Mode stirred chamber
The Reverberation, or Mode Stirred, Chamber is 8.4 x 4.2 x 5m high and is constructed from a galvanised steel sandwich with a steel sheet floor. Access for components is via 3m x 3m double doors. The chamber has removable penetration panels and is equipped with a paddle stirrer (2m diameter x 1m deep) made from aluminium sheet.
- Frequency range: 200MHz to 40GHz
- Minimum pulse width: 20 μS (typically 30μS)
High Power Microwave Test Source
A modular VHF test source has been developed by MBDA UK Ltd in order to address EMC requirements for both military and non-military RF susceptibility and effects testing.

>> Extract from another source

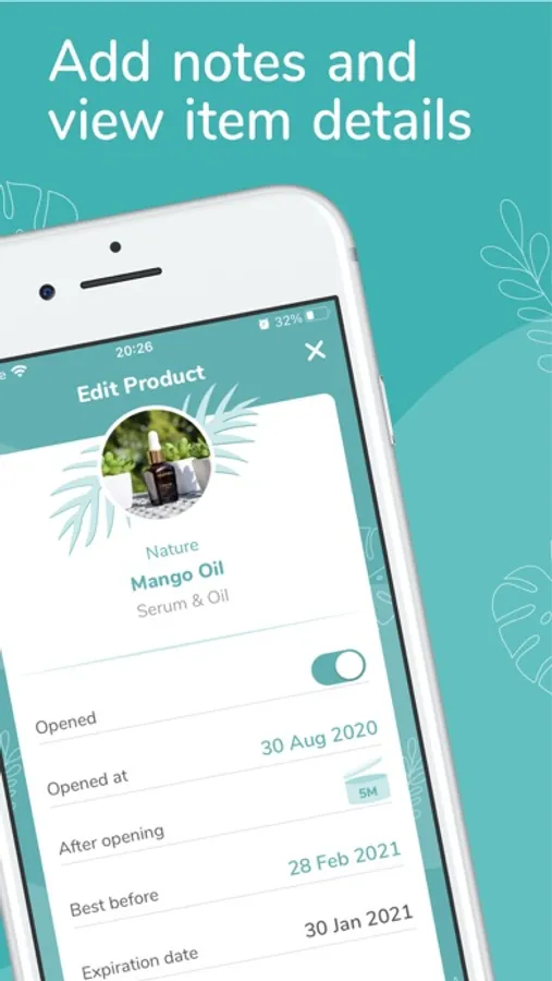 • Just provide expiration date or after opening interval and Papseo will automagically count how much time has left and will inform you about expiration of that product.

This high power microwave test source comprises four subsystems: a Remote Control Unit (RCU), a Power and Control Unit (PCU), a Support Unit (SU), and a Radiating Unit (RU). The system is capable of operating from single shot up to high PRFs in either burst or continuous mode, and runs from a 24VDC power supply.

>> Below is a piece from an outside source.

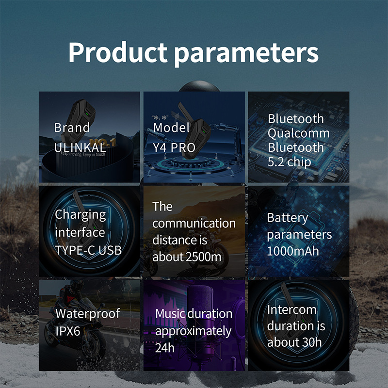Ulink alクロスボーダー4方立体音響長航続遠距離FMヘルメットbluetoothインターホンY4PRO

- Operating frequency: 80MHz to 200MHz
- 1 million pulse lifetime
- Field levels representative of DEW sources in the far field
- Variable Pulse repetition frequency
- Standard up to 20Hz continuous
- Available with greater than 1kHz in bursts
- High reliability: no regular maintenance required
- Built in Safety Monitoring system
The high power microwave test source development programme has resulted in a very significant improvement to the longevity of the RF test source. A number of issues have been resolved by the use of novel techniques. These include new high voltage insulation techniques, new approaches to high voltage switch design and the reduction of high electric field stresses through the use of novel materials.